Repeat the entire listing exactly. Omit all pictures.

▶ [Recorded data]
━━━━━━━━━━
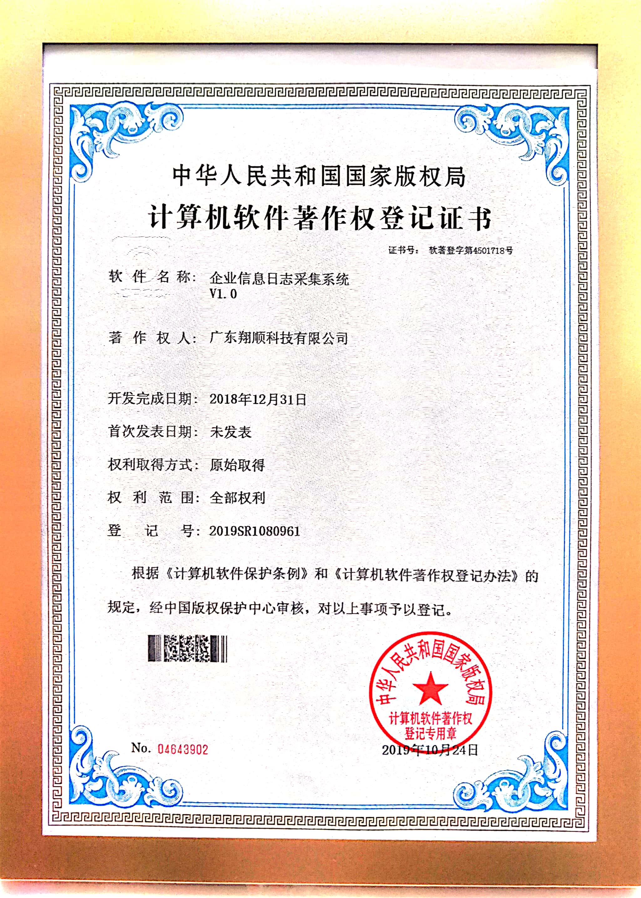 企業(yè)信息日志采集系統(tǒng)著作權(quán)登記證書
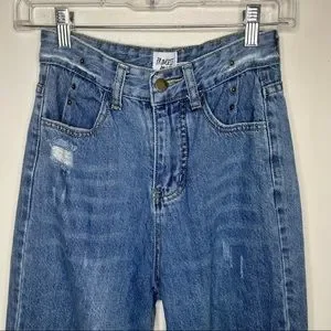 PRINCESS POLLY Balloon Leg Distressed Denim Size 2 Jeans
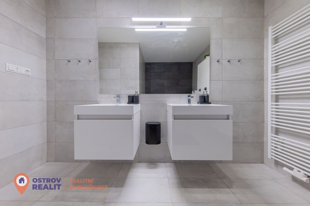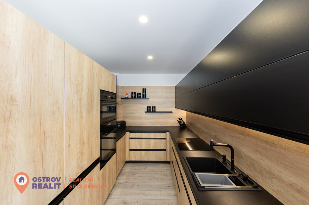 Na obývák navazuje elegantní kuchyně s vestavěnými spotřebiči. Další pokoje: hlavní ložnice, pokoj pro hosty, samostatná pracovna se vstupem na dvůr, šatna, technická místnost, dvě koupelny a dvě toalety – vše promyšlené do posledního detailu.
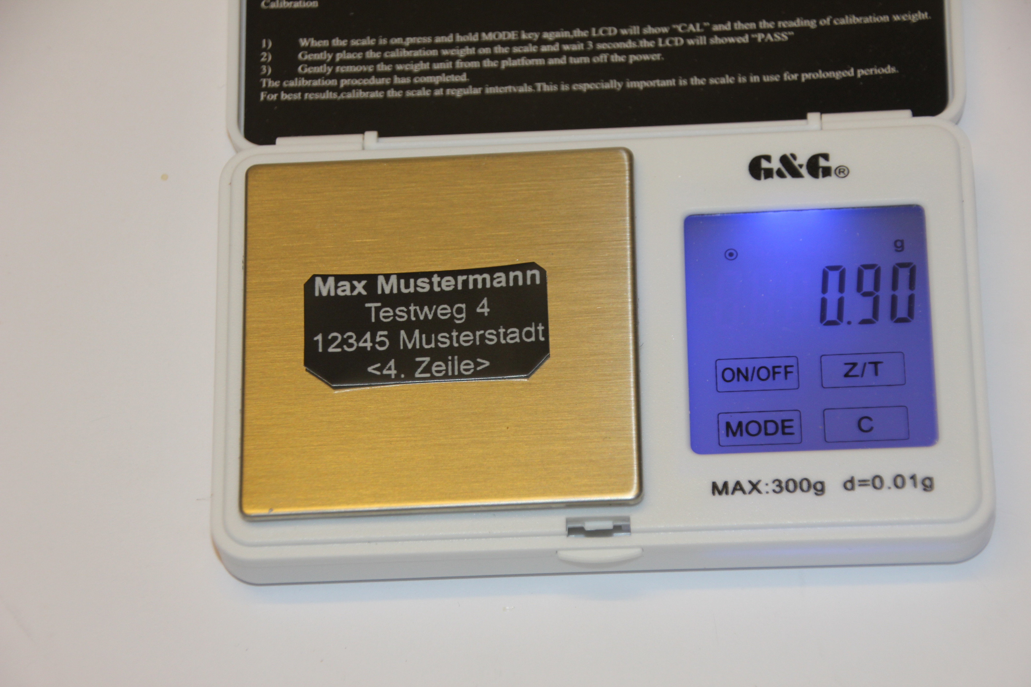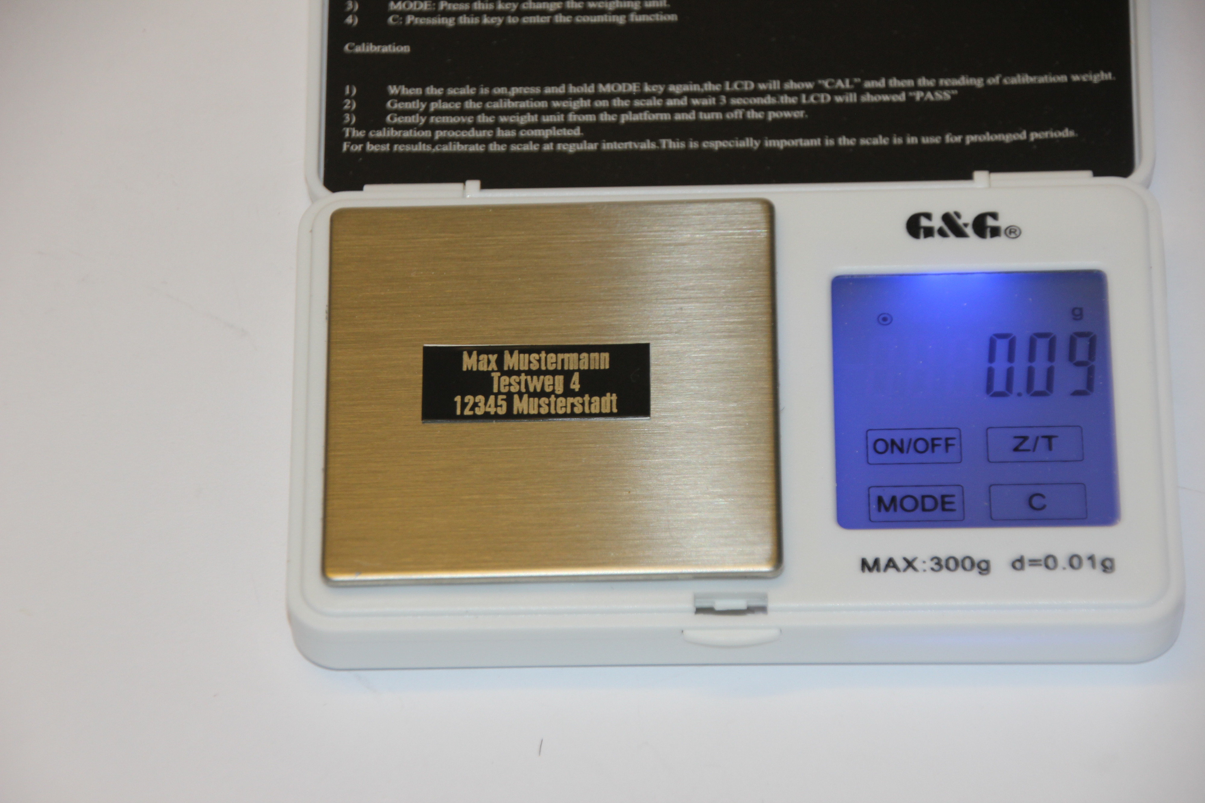 Zum Vergleich: Das kleinere Schild wiegt nur 0,09 g.
━━━━━━━━━━
▶ [Answer to the problem]
 企業(yè)信息日志采集系統(tǒng)著作權(quán)登記證書
 PRINCESS POLLY Balloon Leg Distressed Denim Size 2 Jeans
 Na obývák navazuje elegantní kuchyně s vestavěnými spotřebiči. Další pokoje: hlavní ložnice, pokoj pro hosty, samostatná pracovna se vstupem na dvůr, šatna, technická místnost, dvě koupelny a dvě toalety – vše promyšlené do posledního detailu.
 Zum Vergleich: Das kleinere Schild wiegt nur 0,09 g.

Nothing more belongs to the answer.